_Exercise prompt_
The lines to return run from the one containing "Hellblauer Rippenbodysuit" through the end of the material; give them exactly and leave out the pictures.

_Data records_
- - -

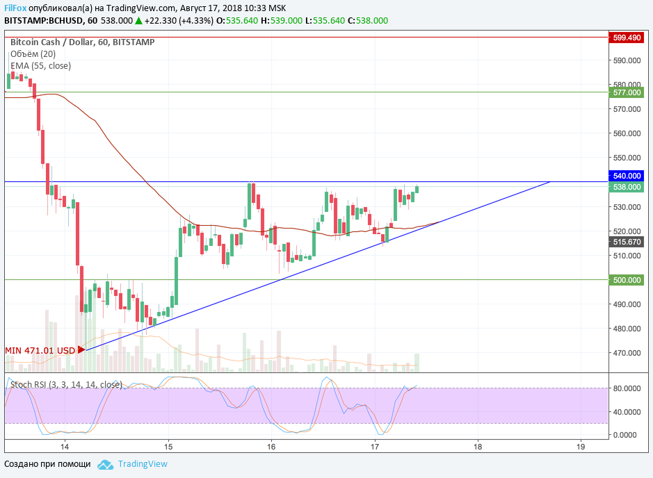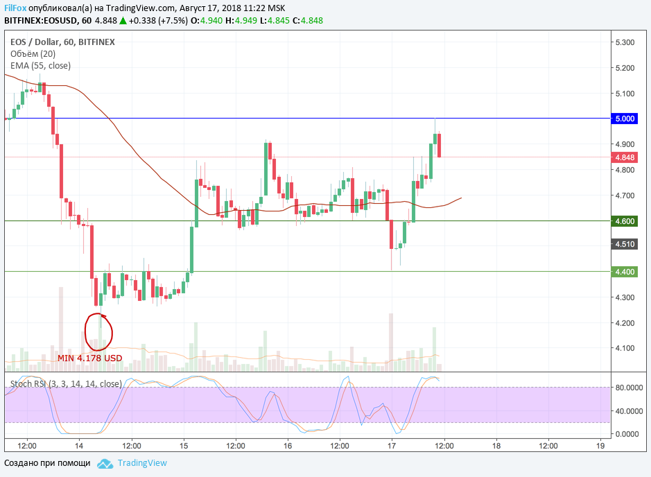 Попытку прорыва пятидолларового барьера EOS отложил на сегодня. Вчера цена умудрилась провалиться под довольно сильный уровень поддержки 4.60 USD и установить дневной минимум в точке 4.40 USD. За ночь пара смогла восстановиться на прежний уровень и с утра пыталась пробить сопротивление 5.00 USD.
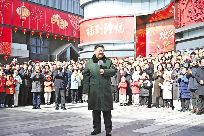 二月九日至十日,中共中央总书记、国家主席、中央军委主席习近平在北京考察并看望慰问基层干部群众。这是十日上午,习近平在东城区隆福寺街区考察时,向全国各族人民和香港同胞、澳门同胞、台湾同胞、海外侨胞致以美好的新春祝福。(新华社发)
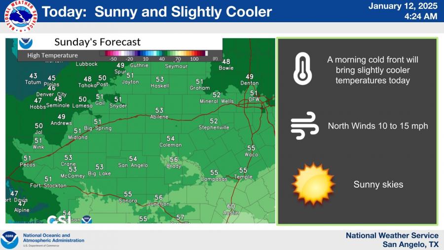 SAN ANGELO, TX — A weak cold front has moved into the region, bringing cooler temperatures and sunny skies to the Concho Valley today, according to the National Weather Service.
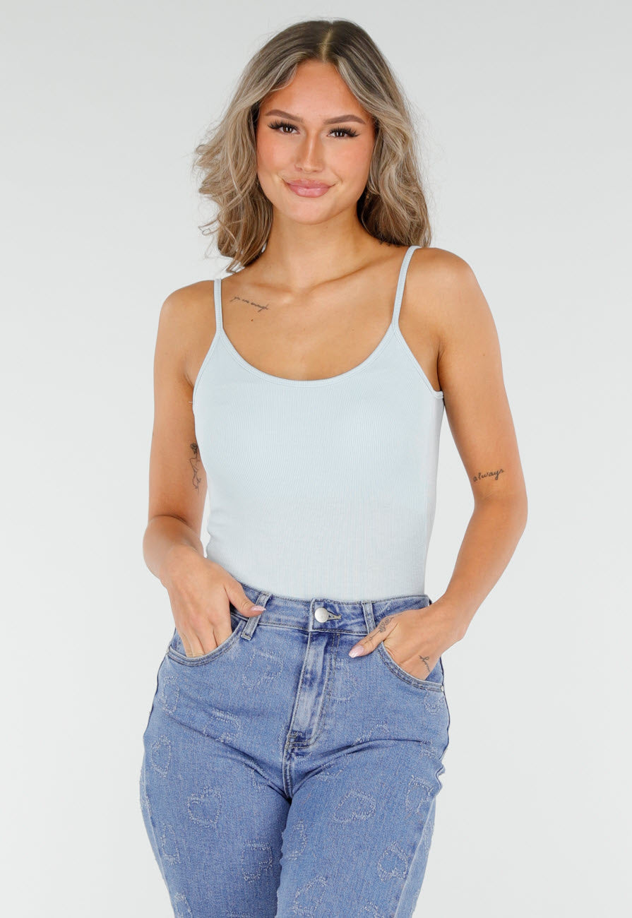 Hellblauer Rippenbodysuit
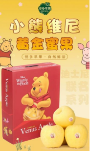 今年,悅多水果又與迪士尼聯動,推出了迪士尼聯名系列。這也是迪士尼首次在農產品蘋果領域的聯名產品。除了消費者熟識的“迪士尼雀斑美人”、“迪士尼版紅富士”外,還有“小熊維尼黃金蜜果”。“維納斯-黃金美人”蘋果的外觀,就跟維尼的蜂蜜罐子一樣,黃澄澄的,看著就甜蜜。
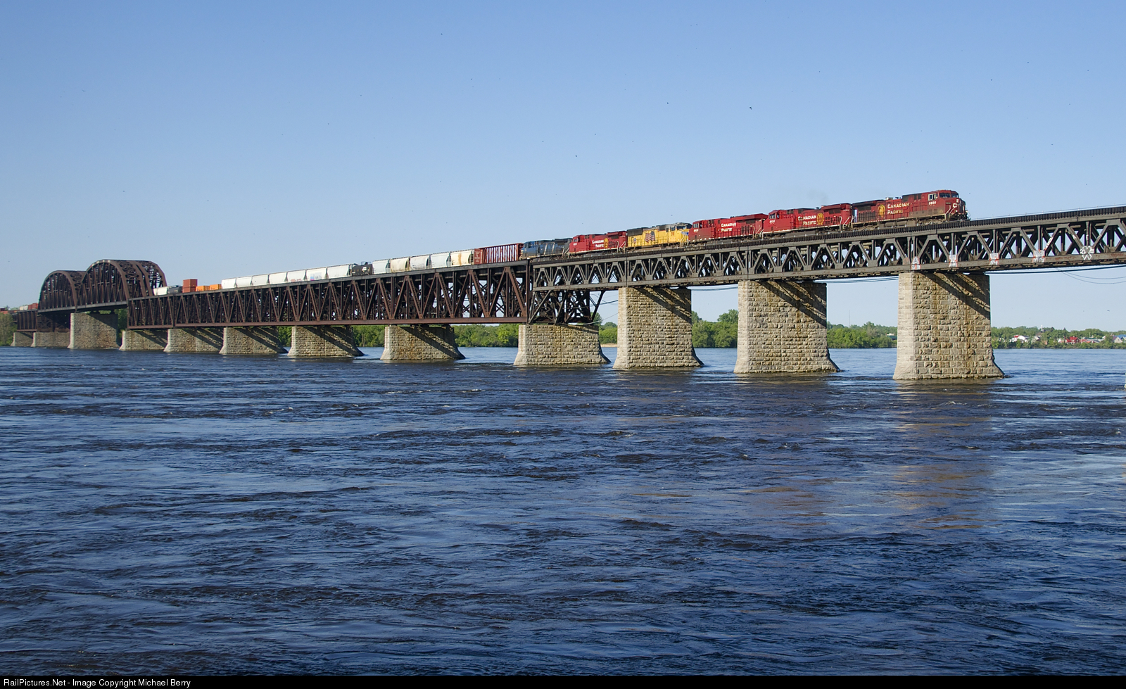 CP 253 has 6 units (CP 8600, CP 8126, CP 8925, UP 3911, CP 8016 & CEFX 1032) and 77 cars as it crosses the St. Lawrence River towards Montreal on a beautiful morning.

- - -

_Solution to this task_
 Hellblauer Rippenbodysuit
 今年,悅多水果又與迪士尼聯動,推出了迪士尼聯名系列。這也是迪士尼首次在農產品蘋果領域的聯名產品。除了消費者熟識的“迪士尼雀斑美人”、“迪士尼版紅富士”外,還有“小熊維尼黃金蜜果”。“維納斯-黃金美人”蘋果的外觀,就跟維尼的蜂蜜罐子一樣,黃澄澄的,看著就甜蜜。
 CP 253 has 6 units (CP 8600, CP 8126, CP 8925, UP 3911, CP 8016 & CEFX 1032) and 77 cars as it crosses the St. Lawrence River towards Montreal on a beautiful morning.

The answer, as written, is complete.